Some interesting observations about the artery data used to create chart and possibilities to extend the data and chart:

    • There are missing arteries or errors in naming and linkages so please don’t study for your anatomy exam using this : )
    • The Sankey chart termination nodes are major arteries. However,  the UAMS arterial tables indicates that ‘unnamed branches’ are actually the terminating nodes. If I included these, I would have had to create unique names for each ‘unnamed’ arterial reference but I was too lazy to do that 🙂
    • The termination nodes are assumed to be capillaries eg other than the ‘unnamed’ arteries, the blood flows into capillaries, then goes back to heart via the Venous system.
    • I was surprised to learn that in reality there can be a large number of ‘arterial anastomoses’ where hierarchically unrelated arteries join together.
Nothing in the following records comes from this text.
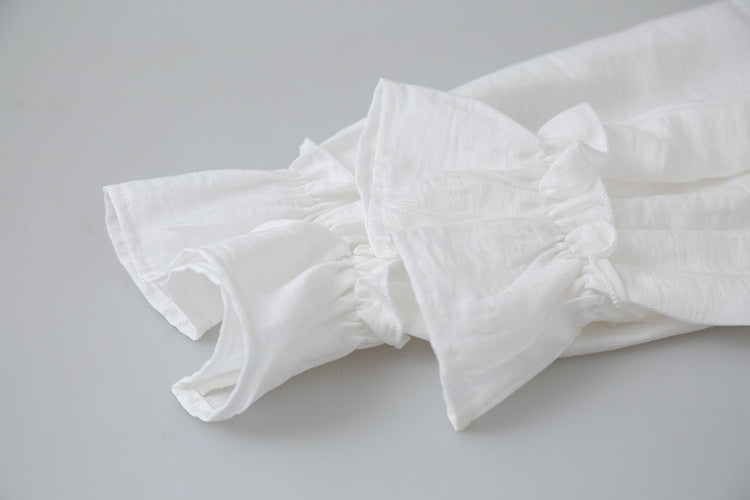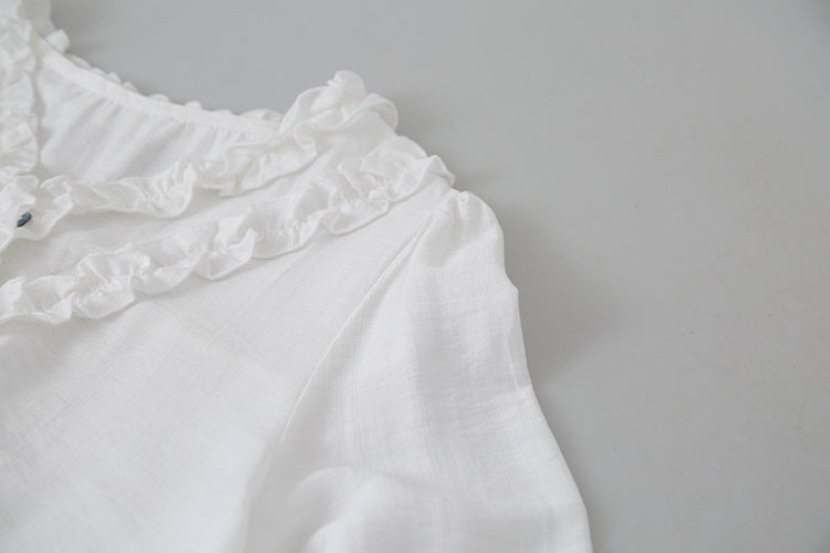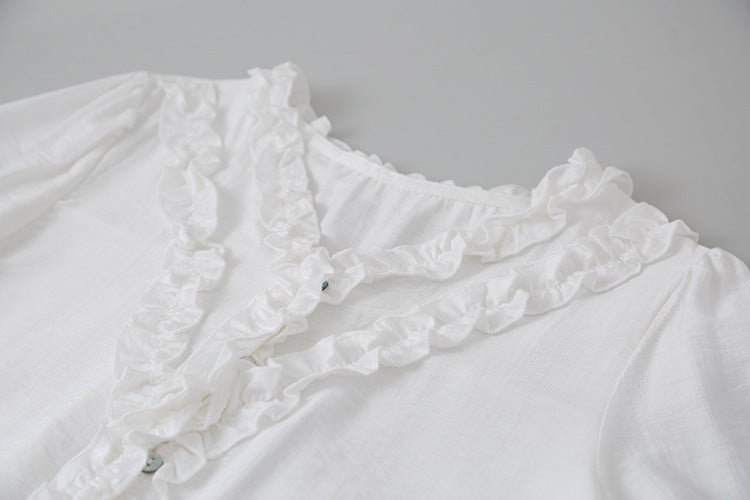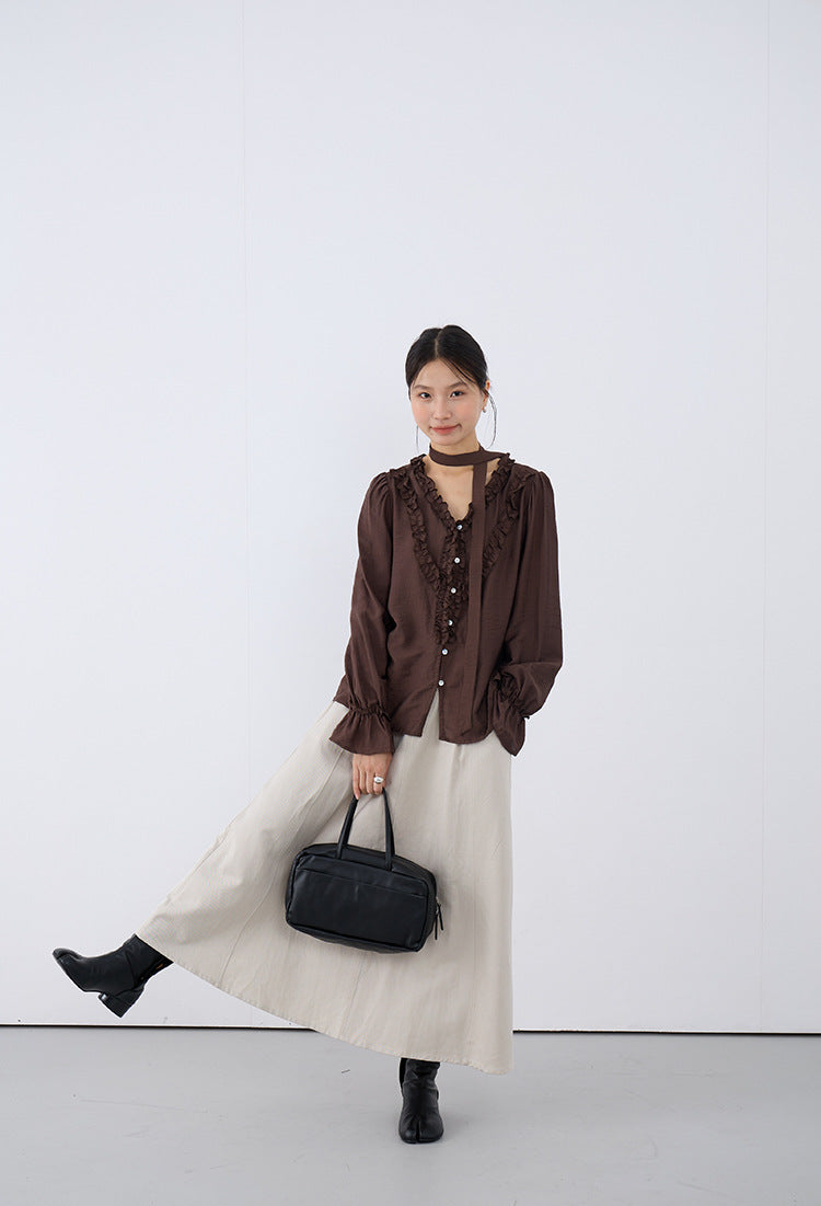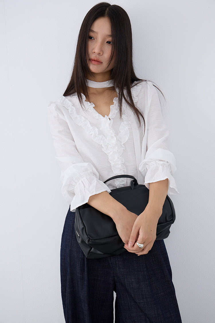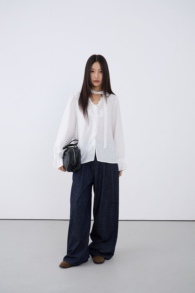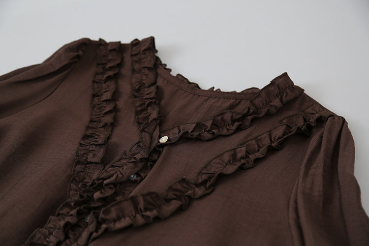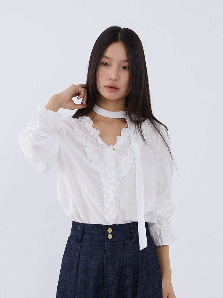 【LD3160】實拍法式氣質荷葉長袖襯衫飄帶250908
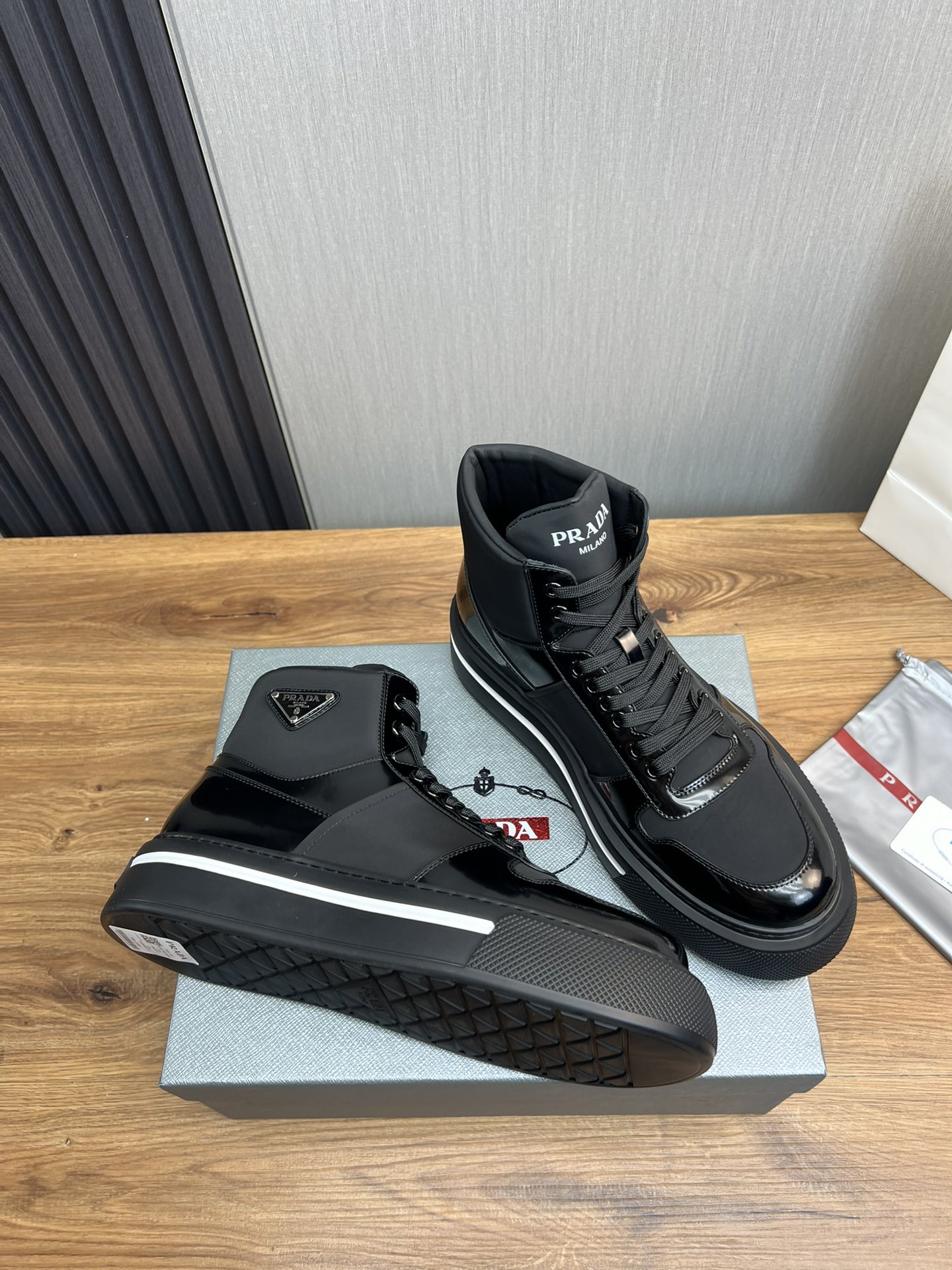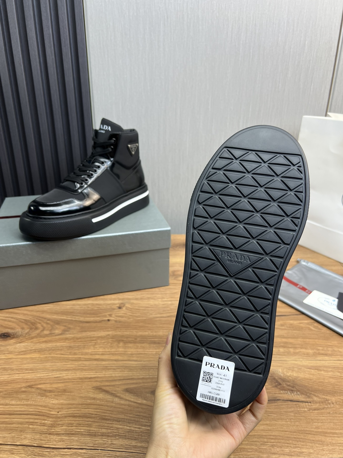 This shoes is AAAAA 1:1 quality (superb). Materials used are identical to the original ones. Prada trademark marks are indistinguishable to the authentic. Photos take by actual shoes, what you receive will be 100% same with our photos.
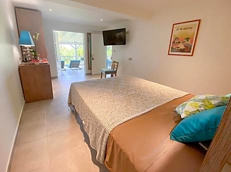 Les Hauts du Cap - Guest House features a hot tub and air-conditioned accommodations in Le François. There's a private entrance at the guest house for the convenience of those who stay. The guest house offers parking on-site, an outdoor swimming pool, and private check-in and check-out. At the guest house, units have a desk, a flat-screen TV, a private bathroom, bed linen, and towels. Rooms have a coffee machine, while some rooms also boast a fully equipped kitchen with a dishwasher, an oven, and a stovetop. Buffet and continental breakfast options with fruit, juice, and cheese are available. The guest house has a picnic area where you can spend the day outdoors. Martinique Aime Cesaire International Airport is 12 miles from the property.

I didn’t include any of these.
    • The ‘other half’ of the body’s blood flow eg the Venous is not included in this chart. One day I might revisit and include the Venous system.
    • It would be cool to add accurate blood flow ‘value’ to each artery-source connection which would be an additional column in the data table for blood flow volume for each artery.
      • The Sankey chart would represent these volumes by varying artery-source connection thickness.
      • These would be proportionate values. For example the blood flow from Left Ventricle to Aorta (Ascending Aorta) would be 100% or whatever relative numerical value we could assign (I used 10). From that point, say 30% goes to brachiocephalic trunk and 70% continues into Aortic Arch and down into the body, and so on with each further branching into other arteries.
    • It would be even more interesting to setup a dynamic system that changes these blood flow volumes based on heart rate.
      • Could also represent blood flow changes, for example, if a femoral artery were cut, what would be the effect of flow on rest of system?
      • The Sankey chart values could change to reflect changes. We could change artery-source link color eg red (increase), green (normal) or yellow(decrease) to indicate increase/decrease in blood flow resulting from these system perturbations.

The Sankey chart was created using a D3 JavaScript library Sankey plugin.

This arterial Sankey chart includes some additional D3 JavaScript that modified the chart formatting and includes feature to highlight node links and to allow node drag and drop re-positioning. You can view the JavaScript for my Sankey chart simply by viewing the Sankey chart’s page source.

The code used to create this is available in this Github repository.